MLSEC-11: Protect against adversarial and malicious activities
Add protection inside and outside of the deployed code to detect malicious inputs that might result in incorrect predictions. Automatically detect unauthorized changes by examining the inputs in detail. Repair and validate the inputs before they are added back to the pool.
Implementation plan
-
Evaluate the robustness of the algorithm - Evaluate your use case and determine bad predictions or classifications. Use sensitivity analysis to evaluate the robustness of the algorithm against increasingly perturbed inputs to understand susceptibility to manipulated inputs.
-
Build for robustness from the start - Select diverse features to improve the algorithm’s ability to handle outliers. Consider using models in an ensemble for increased diversity in decisions and for robustness around decision points.
-
Identify repeats - Detect similar repeated inputs to the model to indicate possible threats to the decision boundaries using Amazon SageMaker Model Monitor to run a SageMaker processing job on a periodic interval to analyze the inference data.
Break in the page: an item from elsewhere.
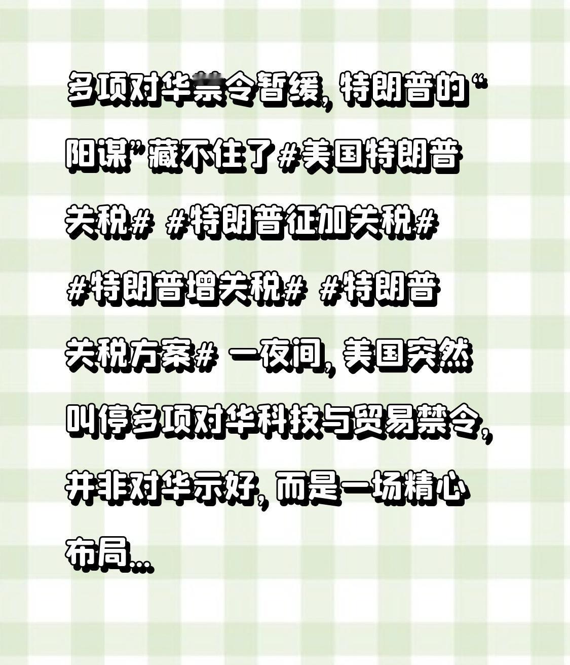 多项对华禁令暂缓,特朗普的“阳谋”藏不住了 美国特朗普关税 特朗普征加关税 特朗普增关税 特朗普关税方案 一夜间,美国突然叫停多项对华科技与贸易禁令,并非对华示好,而是一场精心布局的阳谋。表面释放缓和信号,实则为特朗普4月访华铺路,同时缓解国内产业困境。 过去美方极限打压,导致本土5G、数据中心、电动车产业链严重受阻,企业与消费者苦不堪言。中国产业链性价比与不可替代性,让“脱钩”难以为继。美方此举是务实求利,并非放弃遏制战略。 美国内部分歧显现,所谓“安全风险”多为政治借口。中方回应坚定理性,欢迎合作但保持清醒。暂停禁令只是战术调整,美方遏制底色未变。 这轮博弈提醒我们,外部松动不可轻信,核心技术必须自主可控。唯有做强自身、稳住产业链,才能在中美博弈中掌握主动,破解一切算计。特朗普加增关税 特朗普贸易大棋 特朗普美国关税

This can take the form of model brute forcing, where threats iterate only a limited set of variables to determine what influences decision points and derive feature importance.
-
Lineage tracking - If retraining on untrusted or unvalidated inputs, make sure any model skew is traced back to the data and pruned before retraining a replacement model.
-
Use secure inference API endpoints - Host the model so that a consumer of the model can perform inference against it securely. Permit consumers using the API to define the relationship, restrict access to the base model, and provide monitoring of model interactions.